A Risk Lurking in October’s Retail Sales
By Russ Koesterich
November 16, 2011
According to the Commerce Department, retail sales rose 0.5% in October, higher than the 0.3% economists had forecast,thanks in part to a large jump in electronics purchases.
The better-than-expected retail sales figures are the latest sign that the US economy is likely to avoid another recession and is experiencing what I’m calling “The Great Idle.” But a look behind the retail numbers also reveals a major risk facing the US economy.
With unemployment still high and wages growing so slowly that hourly workers are losing purchasing power at the fastest rate in 20 years, you may be wondering where consumers are getting the money to buy new cars or the latest iPhone.

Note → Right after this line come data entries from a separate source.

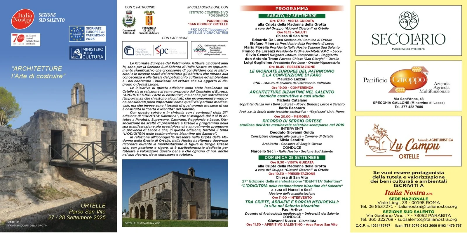 Le Giornate Europee del Patrimonio 2025, promosse dal Ministero della Cultura e organizzate dalla Sezione Sud Salento di Italia Nostra, trovano quest’anno ospitalità a Ortelle, nel Parco San Vito, il 27 e 28 settembre. È un ritorno alla radice, poiché il tema scelto dal Consiglio d’Europa, “Architetture: l’Arte di costruire”, invita non a contemplare i monumenti maggiori, ma a interrogare le architetture “minori”, quelle medievali, bizantine, rupestri: le tessere dimenticate di quel mosaico che compone l’identità del Salento.
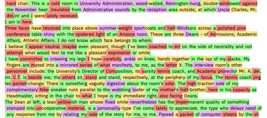 L’analisi del testo finale da parte di GLTR è molto semplice. Prendendo ad esempio una pagina di Infinite Jest, capolavoro di David Foster Wallace, è possibile vedere come:
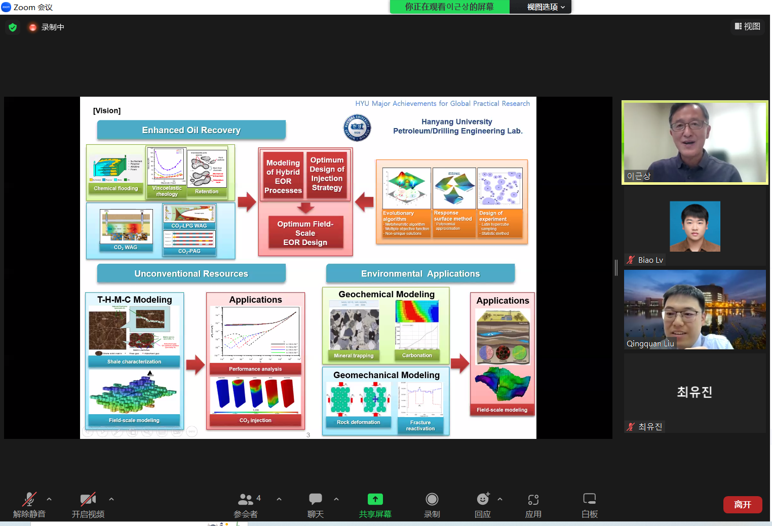 Kun Sang Lee教授简要介绍了汉阳大学与地球资源与环境工程学院的发展历史,重点介绍了自己的三个研究方向“Enhanced Oil Recovery” “Unconventional Resources”及“Environmental Applications: CCS, UTES”,分享了团队前期在油藏CO2驱油提高采收率、CO2致裂页岩等方面的研究成果,并诚挚邀请刘清泉副教授及团队成员来汉阳大学访问交流。

As I mention in my recent Market Update piece, it turns out that surprisingly brisk retail spending is being supported by lower savings and by help from the government.

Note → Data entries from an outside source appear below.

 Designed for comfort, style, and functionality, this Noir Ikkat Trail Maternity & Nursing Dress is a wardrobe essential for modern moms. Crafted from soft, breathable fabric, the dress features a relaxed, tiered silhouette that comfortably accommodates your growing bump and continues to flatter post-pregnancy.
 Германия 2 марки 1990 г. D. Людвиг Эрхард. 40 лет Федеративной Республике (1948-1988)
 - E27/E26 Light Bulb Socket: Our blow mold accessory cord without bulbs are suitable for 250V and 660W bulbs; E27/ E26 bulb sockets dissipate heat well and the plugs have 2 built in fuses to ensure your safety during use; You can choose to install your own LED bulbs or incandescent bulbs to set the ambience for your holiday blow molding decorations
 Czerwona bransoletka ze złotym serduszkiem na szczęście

Lower Savings: Despite numerous predictions of a more frugal consumer, the US savings rate is once again dropping. September’s savings rate was 3.6%, the lowest rate since late 2007. In contrast, the personal savings rate averaged 5.1% in 2009 and 5.3% in 2010. For the time being, consumers appear to be maintaining their spending habits by reverting back to an old trick: Saving less.

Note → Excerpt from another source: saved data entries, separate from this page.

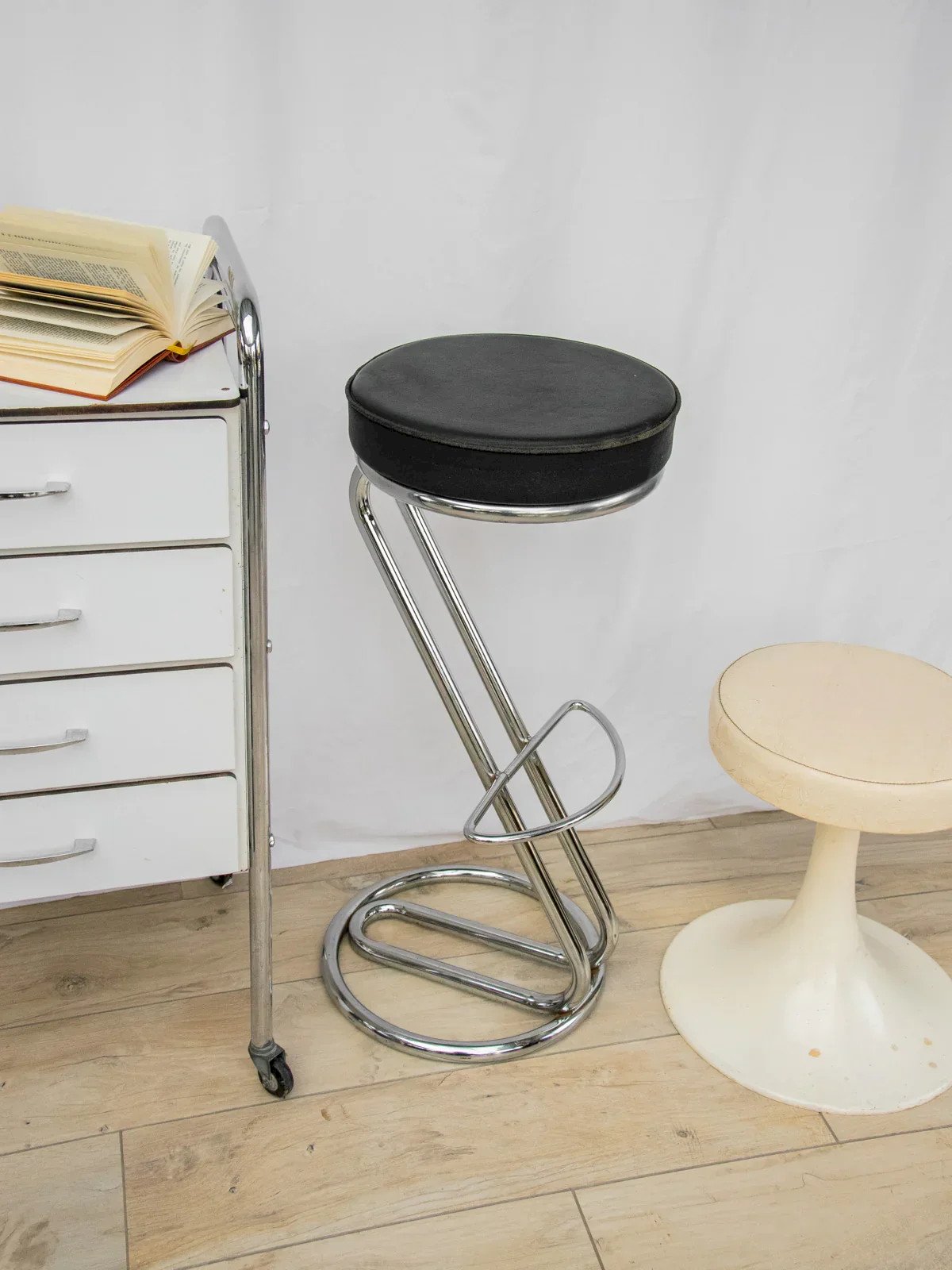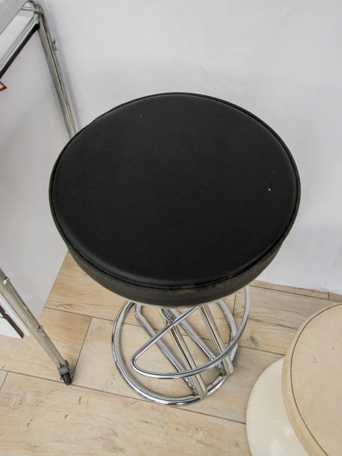 Adopt this high bar stool with an elegant marriage of polished chrome and treated leather, which adds a contemporary and bright touch to your kitchen or bar space. Its slender structure ensures a discreet presence while offering seating comfort designed for convivial moments, and the protected surfaces make daily maintenance easy. Its graphic silhouette fits well in both a modern interior and a warmer decor. Light traces of wear around the seat perimeter. Height: 82 cm Seat height: 82 cm Diameter: 37 cm Condition: Used: Item that has been used. Item showing some superficial signs of wear, fully operational and functioning correctly. It may be a demonstration model or an item returned to the store after a short period of use. Any imperfections. Color: Multicolor Height: Chrome, Leather, Metal, Foam Width: Bar stools Brand: Debongout Type: Vintage product Material: Chrome, Leather, Metal, Foam Style: Contemporary.
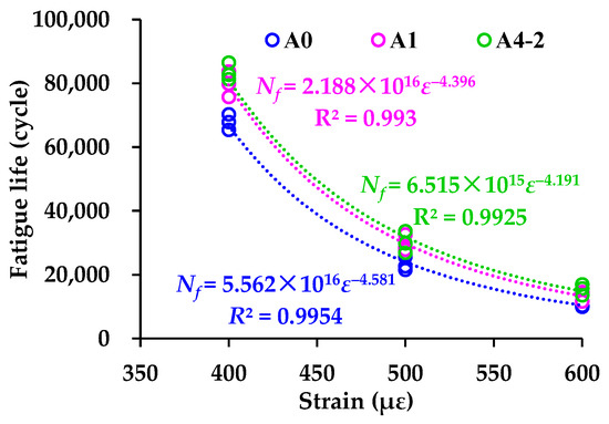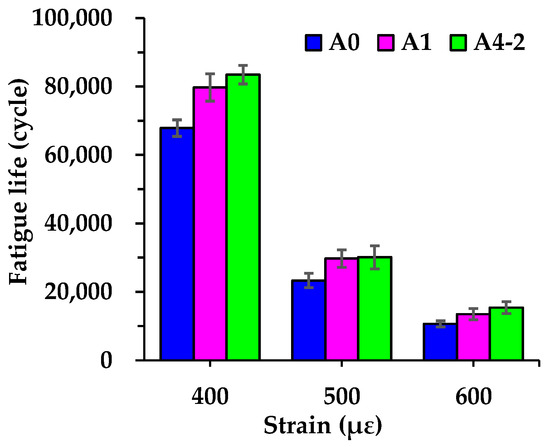 Figure 18 displays the fatigue life of each asphalt mixture measured under different initial strain levels. It is evident that the fatigue life of all asphalt mixtures is sensitive to strain levels. As strain increases, the fatigue life decreases gradually. Specifically, when the strain increases from 400 με to 500 με, the fatigue life of A0, A1 and A4-2 decreases by 65.6%, 62.8%, and 63.9%, respectively. When the strain further increases from 500 με to 600 με, the corresponding decreases are 54.3%, 54.6%, and 48.8%, respectively. Among the three asphalt mixtures, although the difference in fatigue life between A1 and A4-2 at 500 με is not significant, under the same test conditions, A4-2 consistently exhibits the highest fatigue life, followed by A1, with A0 being the lowest. Compared with A0, the fatigue life of A1 and A4-2 is 17.5% and 23.0% higher at 400 με, 27.4% and 29.2% higher at 500 με, and 26.6% and 44.8% higher at 600 με, respectively. It illustrates that RGA alone or the combination of RGA and cement plays a positive role in improving the fatigue life of asphalt mixtures, with the synergy of high-volume RGA and cement showing a more significant improvement at high strain.
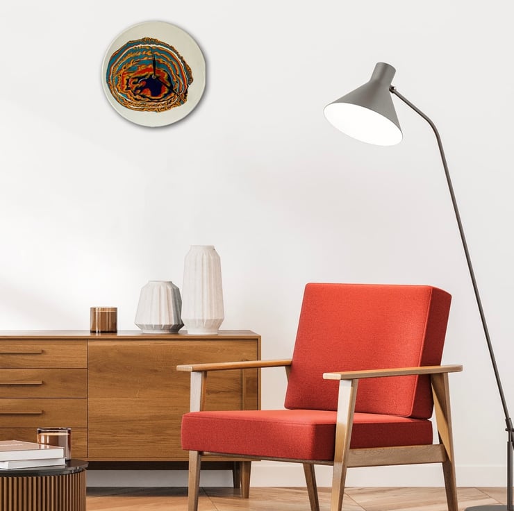 Upcycled from an vinyl LP record this 12”/30cm wall clock has been hand painted and varnished with quality materials and felted on the back for a clean look. It is fitted with a quartz mechanism (ticking) and black hands. Eco packaged and gift wrapped if desired. Free postage to UK buyers and reduced postage to USA.
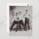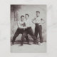 Esta postal contiene una fotografía vintage de tres guapos luchadores victorianos, musculosos y sin camisa.
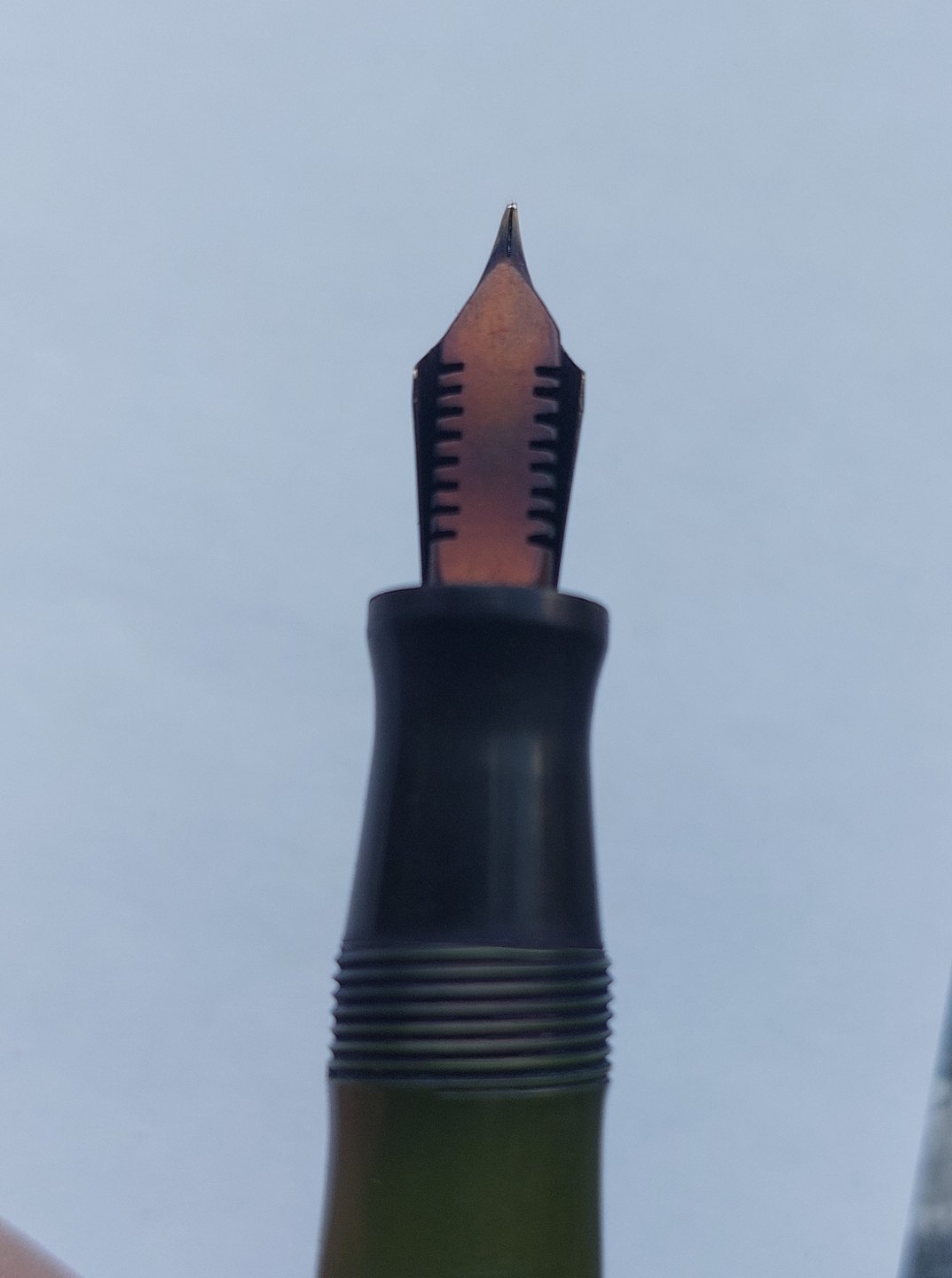 Påfyldning af blæk. Den gamle gummisæk, der sidder i denne fyldepen, fungerer ikke. Der skal indsættes ny gummisæk før end fyldepenne kan optage blæk påny og skrive igen. Der kan indsættes ny gummisæk ved betaling af d.kr. 200,-

Government Help: Government transfer payments — such as Social Security, unemployment and disability payments — have spiked in recent years. As I’ve mentioned before, transfer payments now constitute about 20% of disposable income and growth in transfer payments has been the major factor supporting income growth. Since the end of 2007, overall disposable income has risen by slightly more than $900 billion. Of that $900 billion, more than $550 billion has come from rising transfer payments.
Saving less can continue for a while longer, but not indefinitely. More importantly, the US consumer’s reliance on transfer payments shows why investors should pay particular attention to any budget cuts that come out of the Congressional super committee negotiations. Any near-term tax increases or reductions in transfer payments would hit consumers at a difficult time and could act as a drag on an already feeble expansion.
While the current US fiscal situation is also unsustainable, paradoxically, trying to fix it too quickly may raise the odds of another recession.